But why does a social network have to make money directly?
Why not start a centralized social-network service as a non-profit / benefit corporation, paid for by donation?
For the same reason FOSS projects aren't funded in proportion to their criticality, and why taxes aren't voluntarily - given the option to use the service for free, most people will do so and choose not to donate. Any such project, to stay afloat, will likely end up depending upon a small number of donors who can then exercise political control over the platform.
A social network has to make money somehow because it has bills to pay. Hosts aren't free. Servers aren't free. The cloud isn't free. Staff isn't free. Moderators are usually free but shouldn't be.
Sure, but probably a FOSS social network would need far fewer of these than a paid one, because 99% of the server costs of something like Facebook or Twitter, go toward the backends, analytical DBs, and graphical / ML models used to power "features" that no user wants, but which make Facebook themselves money.
And a FOSS social network would just... not build those kinds of features.
Instead of, say, a feed constantly rebuilt to drive engagement and rage-bait, you'd just get a simple chronological feed of what everyone you're following is posting; with maybe the ability to dial down the number of posts you see from any given person you're following ("show me the only the most-liked Nth percentile of posts from this user") without unfollowing. But even that kind of filtering — in fact, even the merging of followed users' feeds! — could all be done client-side. The whole "feeds" part could be as simple as a post-triggered static-site-generator pushing JSON into an object-storage bucket hiding behind an edge cache.

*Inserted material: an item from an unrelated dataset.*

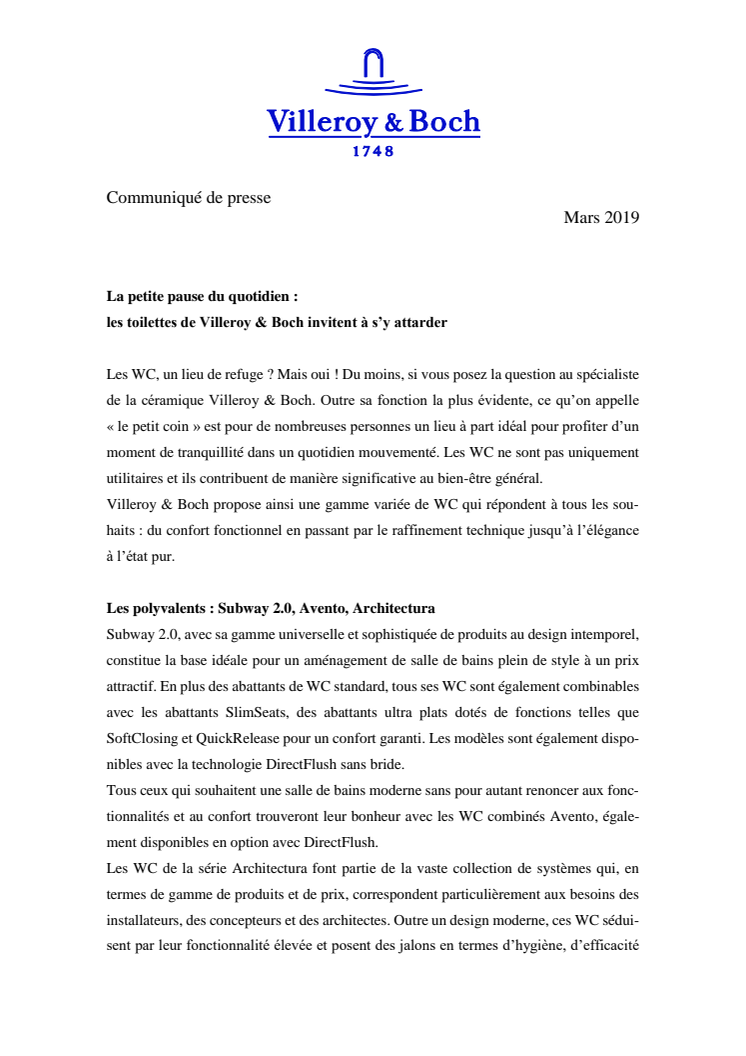 Les WC, un lieu de refuge ? Mais oui ! Du moins, si vous posez la question au spécialiste de la céramique Villeroy & Boch. Outre sa fonction la plus évidente, ce qu’on appelle « le petit coin » est pour de nombreuses personnes un lieu à part idéal pour profiter d’un moment de tranquillité dans un quotidien mouvementé.

This is incorrect. From direct personal experience, I strongly believe the backend infrastructure and staff required just to operate the core product functionality of a successful large-scale social network massively exceeds what could be provided by donations.
Just in terms of core product OLTP data, Tumblr hit 100 billion distinct rows on MySQL masters back in Oct 2012. At the time, after accounting for HA/replication, that required over 200 expensive beefy database servers. This db server number grew by ~10 servers per month, because Tumblr was getting 60-75 million posts/day at this time.
Then add in a couple hundred cache and async queue servers, and over a thousand web servers. And employees to operate all this, although we kept it quite lean compared to other social networks.
Again, this was all just the core product, not analytics or ML or anything like that. These numbers also don't include image/media storage or serving, which was a substantial additional cost.
Although Tumblr had some mainstream success at that time, it was still more niche than some of the larger social networks. At that time, Facebook was more than 2 orders of magnitude larger than Tumblr.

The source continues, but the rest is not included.